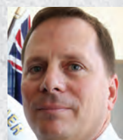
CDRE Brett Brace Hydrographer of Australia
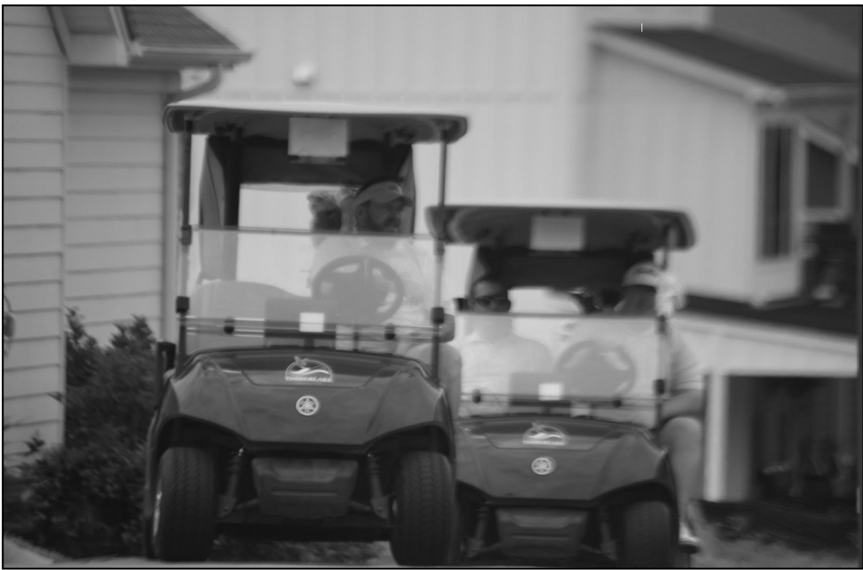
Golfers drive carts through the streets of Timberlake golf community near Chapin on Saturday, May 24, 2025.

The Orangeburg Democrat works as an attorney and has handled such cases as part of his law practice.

+++

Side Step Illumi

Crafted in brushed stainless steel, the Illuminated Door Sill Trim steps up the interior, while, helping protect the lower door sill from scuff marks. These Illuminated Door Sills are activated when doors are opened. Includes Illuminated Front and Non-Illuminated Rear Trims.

+++

= Your instructions =
Your answer should consist only of the lines above between the line holding "Side Step Illumi" and the line holding "Crafted in brushed", inclusive, each transcribed exactly.

= Task solution =
Side Step Illumi

Crafted in brushed stainless steel, the Illuminated Door Sill Trim steps up the interior, while, helping protect the lower door sill from scuff marks. These Illuminated Door Sills are activated when doors are opened. Includes Illuminated Front and Non-Illuminated Rear Trims.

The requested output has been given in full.